Assigned task -
The expected output is the data below, character for character, without its pictures.

Recorded information -
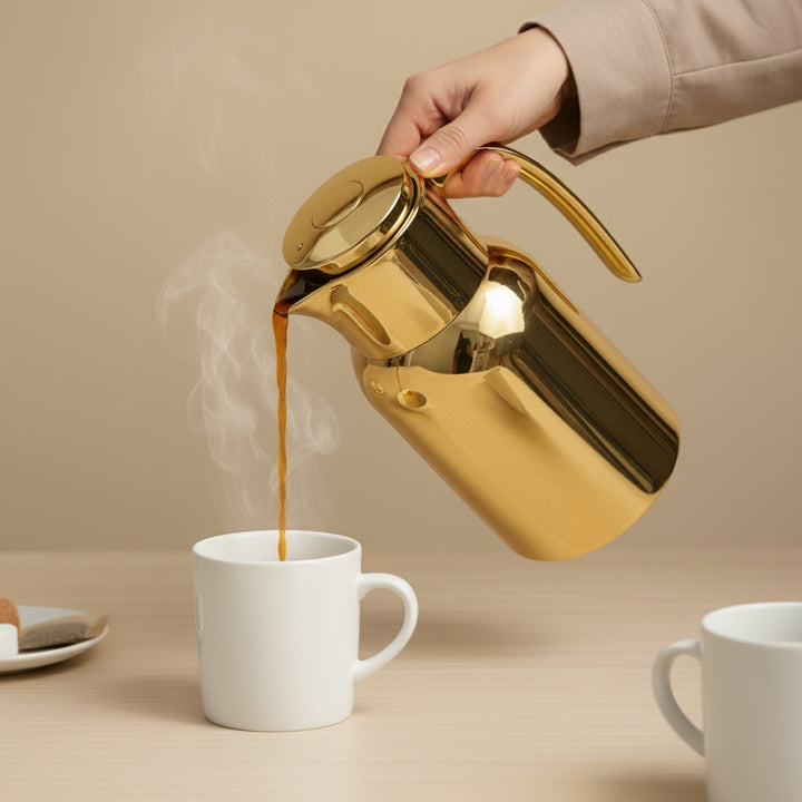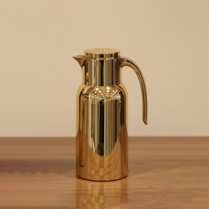 ترمس TSC12Q الفولاذي المفرغ من الهواء - سعة 1.3 لتر، بلمسة نهائية أنيقة بلون الشمبانيا الذهبي، مصمم ليجمع بين الرقي والأداء. مصنوع من فولاذ مقاوم للصدأ عالي الجودة بجدار مزدوج، ويوفر عزلًا حراريًا فائقًا للحفاظ على المشروبات ساخنة أو باردة لساعات. يُضفي مظهره الخارجي اللامع بلون الشمبانيا الذهبي، مع غطاء ومقبض من الكروم المصقول، لمسةً راقية على أي طاولة، مثالية للاستخدام في المنزل أو المكتب أو في أماكن الضيافة.
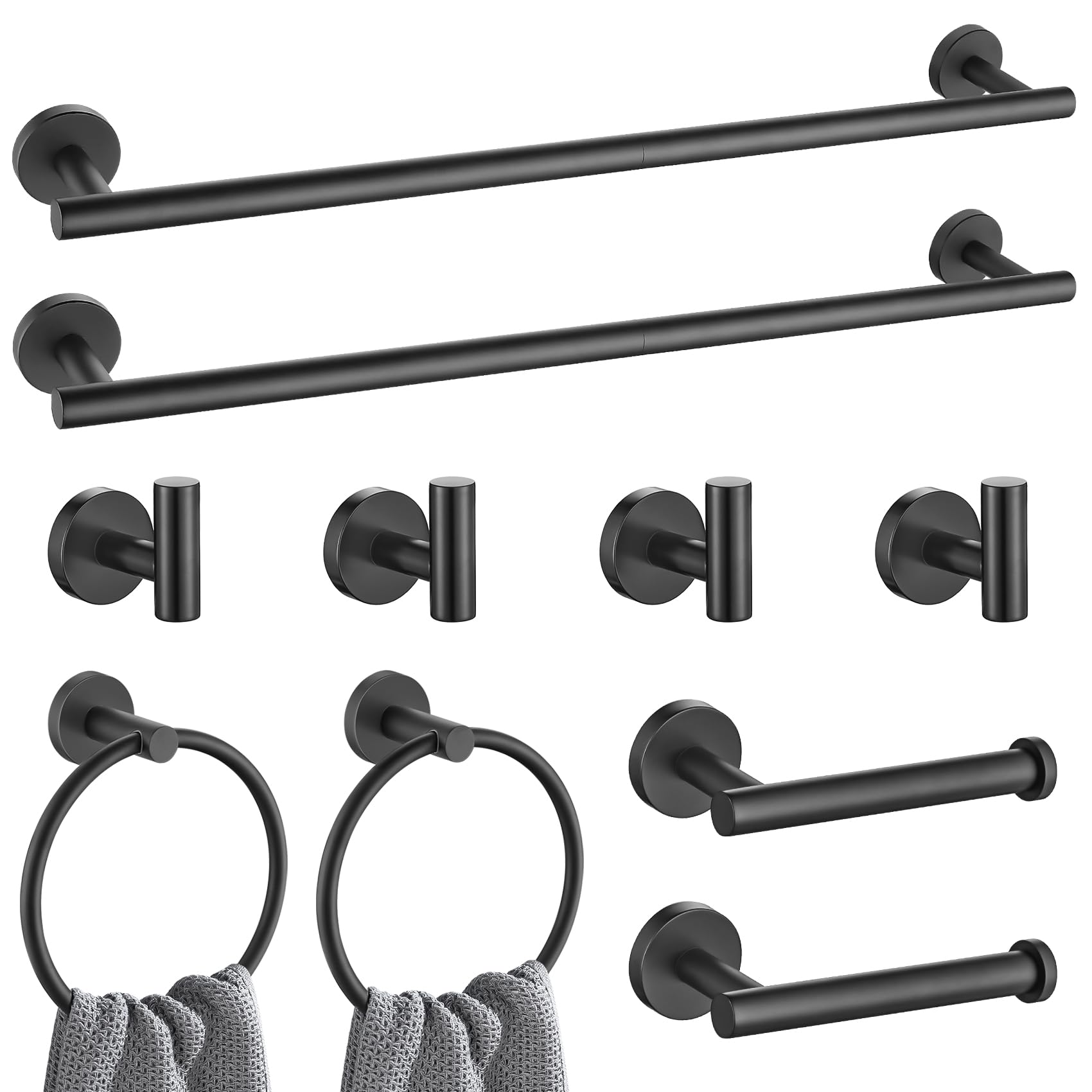 Lairuier Juego de accesorios de baño negro mate, juego de 10 piezas de toallero de acero inoxidable SUS304, juego de accesorios de
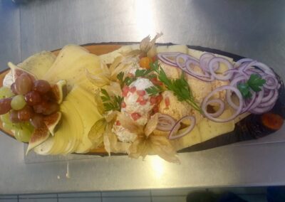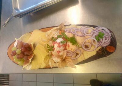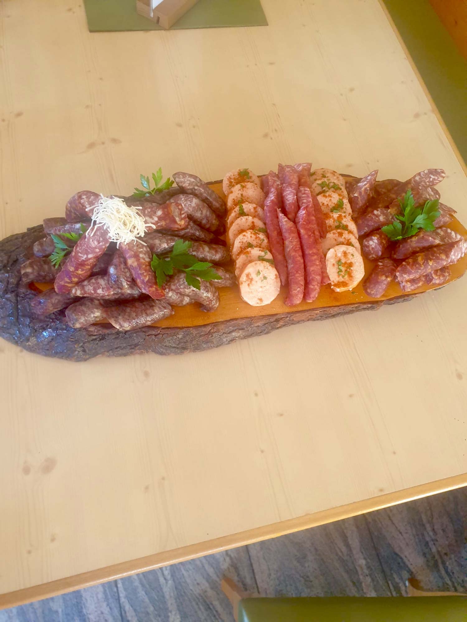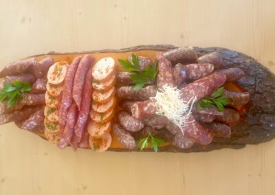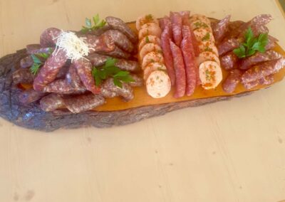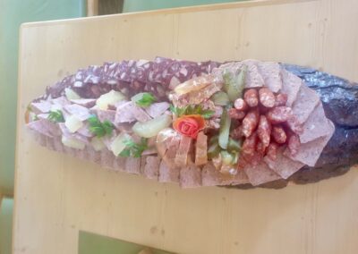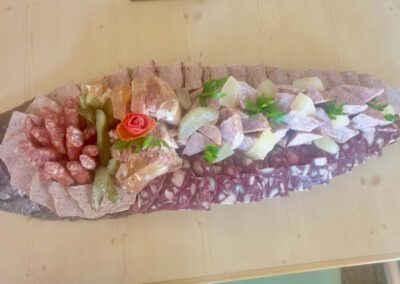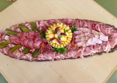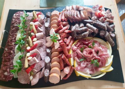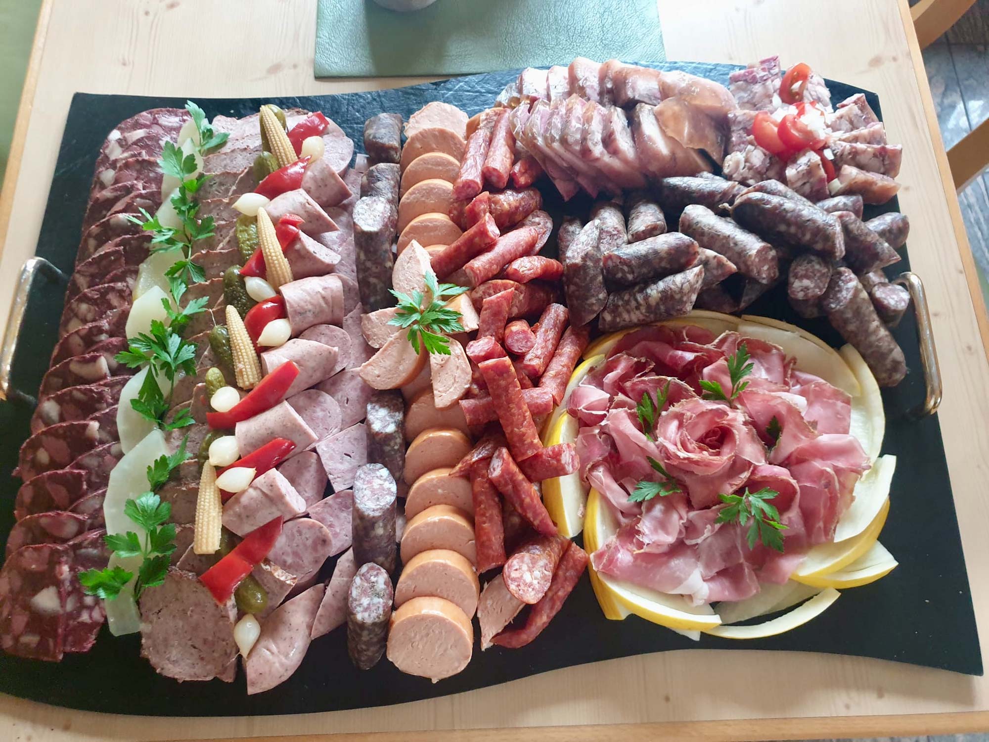 Unsere Spezialität sind Wurst- und Käseplatten, die mit viel Liebe zum Detail und handwerklichem Können zusammengestellt werden. Wir beziehen unser Fleisch von unseren eigenen Strohschweinen, die artgerecht gehalten werden und Fleisch von hervorragender Qualität liefern. Diese Qualität schmeckt man in jeder unserer Platten.

Task answer -
 ترمس TSC12Q الفولاذي المفرغ من الهواء - سعة 1.3 لتر، بلمسة نهائية أنيقة بلون الشمبانيا الذهبي، مصمم ليجمع بين الرقي والأداء. مصنوع من فولاذ مقاوم للصدأ عالي الجودة بجدار مزدوج، ويوفر عزلًا حراريًا فائقًا للحفاظ على المشروبات ساخنة أو باردة لساعات. يُضفي مظهره الخارجي اللامع بلون الشمبانيا الذهبي، مع غطاء ومقبض من الكروم المصقول، لمسةً راقية على أي طاولة، مثالية للاستخدام في المنزل أو المكتب أو في أماكن الضيافة.
 Lairuier Juego de accesorios de baño negro mate, juego de 10 piezas de toallero de acero inoxidable SUS304, juego de accesorios de
 Unsere Spezialität sind Wurst- und Käseplatten, die mit viel Liebe zum Detail und handwerklichem Können zusammengestellt werden. Wir beziehen unser Fleisch von unseren eigenen Strohschweinen, die artgerecht gehalten werden und Fleisch von hervorragender Qualität liefern. Diese Qualität schmeckt man in jeder unserer Platten.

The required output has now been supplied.